Closed tloubrieu-jpl closed 10 months ago
I would consider changing the priority for this ticket https://github.com/NASA-PDS/doi-service/issues/8 to implement the deactivation of a DOI.
The other options I looked at, but dismissed are:
Question for @alexdunnjpl and @collinss-jpl , if we assign a 'deactivated' status at a DOI in a local doi.db sqllite database, it is not going to be overwritten by the synchronization happening daily because the record at DataCite has not been updated. Is that correct ?
@tloubrieu-jpl hard to say - I'd need to test it out to be sure but based on my memory of how it's supposed to work, that seems plausible.
@tloubrieu-jpl will check the gamma deployment to see why this dois are sent in the report and "remove" them by changing their status.
@rsjoyner @c-suh @jordanpadams I confirm the dois Ron is seeing in his daily reports come from pdscloud-gamma where their status is 'review' (instead of 'findable' in production)
3 questions so far:
1) I am seeing that on pds-gamma we are daily synchronizing all the DOI from the production prefix "10.17189" with a command in crontab. With a naive view (where I forgot everything I've done in the past with the DOI service), it sounds weird that we are importing production records in a test database. Can you tell me again why we do that ? Or if we should not ?

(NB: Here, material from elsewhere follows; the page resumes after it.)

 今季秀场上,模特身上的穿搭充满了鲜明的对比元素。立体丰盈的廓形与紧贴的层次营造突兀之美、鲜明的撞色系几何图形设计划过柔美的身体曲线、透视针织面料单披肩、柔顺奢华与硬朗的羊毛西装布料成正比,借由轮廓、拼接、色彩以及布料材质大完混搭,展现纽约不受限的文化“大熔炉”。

2) I don't understand why the status is 'review' in the local gamma database whereas it is findable in the datacite system.
3) I tried to update the status of the record with command but that was not successful because the gamma deployment is only authorized to work with the test dataCite prefix. That is what I am guessing.

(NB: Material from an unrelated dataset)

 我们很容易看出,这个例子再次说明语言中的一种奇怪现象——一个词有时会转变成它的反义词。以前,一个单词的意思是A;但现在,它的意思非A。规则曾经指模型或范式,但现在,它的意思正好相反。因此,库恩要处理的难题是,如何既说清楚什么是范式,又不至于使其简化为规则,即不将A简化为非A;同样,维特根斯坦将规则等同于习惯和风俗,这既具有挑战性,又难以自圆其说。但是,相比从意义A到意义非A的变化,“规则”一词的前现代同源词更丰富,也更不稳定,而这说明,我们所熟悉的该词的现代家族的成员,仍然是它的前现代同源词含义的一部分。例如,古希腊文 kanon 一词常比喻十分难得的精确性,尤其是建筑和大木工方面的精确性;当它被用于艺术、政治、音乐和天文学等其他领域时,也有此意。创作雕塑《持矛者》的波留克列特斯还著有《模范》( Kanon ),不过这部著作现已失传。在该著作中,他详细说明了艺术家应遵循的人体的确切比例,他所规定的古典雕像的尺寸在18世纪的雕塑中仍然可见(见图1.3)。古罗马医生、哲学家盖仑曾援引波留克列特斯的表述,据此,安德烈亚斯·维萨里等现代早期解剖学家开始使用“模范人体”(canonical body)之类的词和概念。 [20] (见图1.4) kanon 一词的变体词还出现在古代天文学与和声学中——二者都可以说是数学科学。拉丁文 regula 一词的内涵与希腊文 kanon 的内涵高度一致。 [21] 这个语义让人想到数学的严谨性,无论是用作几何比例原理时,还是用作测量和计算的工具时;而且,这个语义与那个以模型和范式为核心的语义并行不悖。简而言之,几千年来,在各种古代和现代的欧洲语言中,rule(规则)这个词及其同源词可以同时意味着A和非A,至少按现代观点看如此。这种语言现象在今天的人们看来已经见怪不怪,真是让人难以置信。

$ pds-doi-cmd release -i /data/home/pds4/pds-doi-service/transaction_history/eng/10.17189/n0dm-0014/2022-07-29T00\:43\:45.273306+00\:00/output.json --no-review --submitter loubrieu@jpl.nasa.gov
INFO pds_doi_service.core.util.logging:_get_config Searching for configuration files from candidates ['/data/home/pds4/pds-doi-service/lib/python3.9/site-packages/pds_doi_service/core/util/conf.default.ini', '/data/home/pds4/pds-doi-service/pds_doi_service.ini']
INFO pds_doi_service.core.util.logging:_get_config Using configs (with later files overwriting previous files' values): ['/data/home/pds4/pds-doi-service/lib/python3.9/site-packages/pds_doi_service/core/util/conf.default.ini', '/data/home/pds4/pds-doi-service/pds_doi_service.ini']
INFO pds_doi_service.core.cmd.pds_doi_cmd:main run_dir /data/home/pds4
INFO pds_doi_service.core.input.input_util:_read_from_path Reading local file path /data/home/pds4/pds-doi-service/transaction_history/eng/10.17189/n0dm-0014/2022-07-29T00:43:45.273306+00:00/output.json
INFO pds_doi_service.core.input.input_util:parse_json_file Parsing json file output.json
INFO pds_doi_service.core.outputs.datacite.datacite_web_parser:parse_dois_from_label Parsing record index 0
WARNING pds_doi_service.core.outputs.datacite.datacite_web_parser:parse_dois_from_label Record 0: Could not parse optional field "rights_list"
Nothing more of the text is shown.